Si don Ildefonso Díaz de León merece ser honrado por su buen desempeño como primer gobernador constitucional del Estado, doblemente lo merece por este decreto que dio la libertad a hombres y mujeres sometidos, las más de las veces, a regímenes impíos.

En virtud de la ley libertaria del Señor Díaz de León, San Luis Potosí fue, entonces, el centro de atracción de todos aquellos seres humanos sometidos a la esclavitud que habitaban  en la República Mexicana y de los de allende las fronteras que vieron la posibilidad de alcanzar este beneficio.
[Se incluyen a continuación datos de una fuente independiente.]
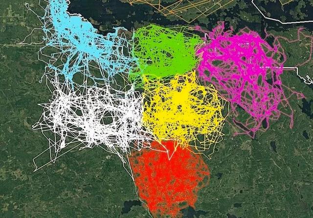 某個國家公園給森林里的狼裝上GPS定位系統(tǒng)后,所得到的的軌跡地圖,我們可以看見它們都在小心的避開彼此的領(lǐng)地。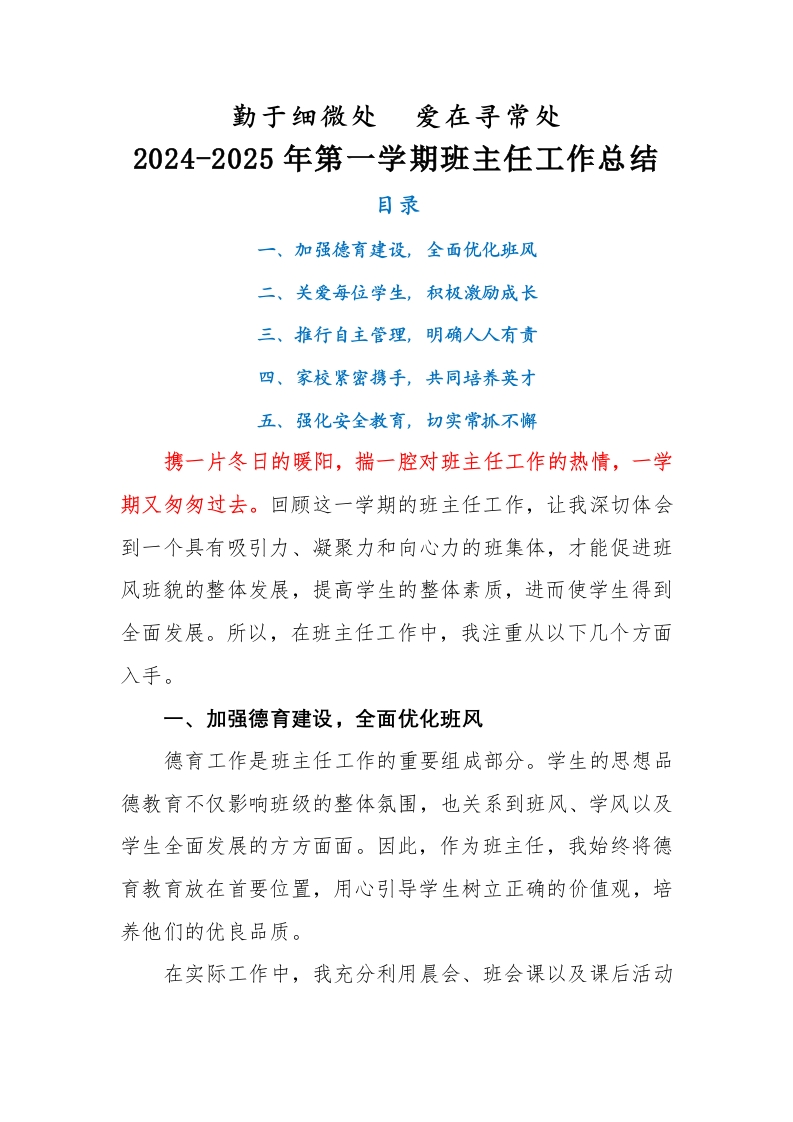勤于细微处爱在寻常处2024-2025年第一学期班主任工作总结目录一、加强德育建设,全面优化班风二、关爱每位学生,积极激励成长三、推行自主管理,明确人人有责四、家校紧密携手,共同培养英才五、强化安全教育,切实常抓不懈携一片冬日的暖阳,揣一腔对班主任工作的热情,一学期又匆匆过去。回顾这一学期的班主任工作,让我深切体会到一个具有吸引力、凝聚力和向心力的班集体,才能促进班风班貌的整体发展,提高学生的整体素质,进而使学生得到全面发展。所以,在班主任工作中,我注重从以下几个方面入手。一、加强德育建设,全面优化班风德育工作是班主任工作的重要组成部分。学生的思想品德教育不仅影响班级的整体氛围,也关系到班风、学风以及学生全面发展的方方面面。因此,作为班主任,我始终将德育教育放在首要位置,用心引导学生树立正确的价值观,培养他们的优良品质。在实际工作中,我充分利用晨会、班会课以及课后活动

De este fenómeno de inmigración resultó que la población potosina criolla, mestiza y blanca, absorbió, al correr de los años, a todos los inmigrantes negros, produciéndose así un nuevo mestizaje.

Por ello, todos aquellos potosinos nacidos en este suelo y cuyos antepasados tienen también aquí sus orígenes, si pretenden formar su árbol genealógico, no deben extrañarse de encontrar entre sus abuelos o tatarabuelos, a una persona de color. Si son personas equilibradas y sensatas, esto no los afectará en lo más mínimo, pero si se han dejado influenciar por las torpes ideas racistas, entonces, como dijo don Miguel de Cervantes en El Quijote de la Mancha: “más vale no menealle” porque cuando menos lo piensen, pueden encontrarse con una negra sorpresa.

 

[1] FELICIANO Velázquez Primo, Historia de San Luis Potosí, Archivo Histórico del Estado, Academia de Historia Potosína, San Luis Potosí, México, 1982 p. 155

[2] MARTINEZ, Rosales Alfonso Dr. San Luis Potosí, Tierra de Libertad, en  Boletín Cultural Radio Universidad E.X.E.X.Q, San Luis Potosí, S:L.P. V época No.14 oct. 1981 pp. 3, 4 y 5.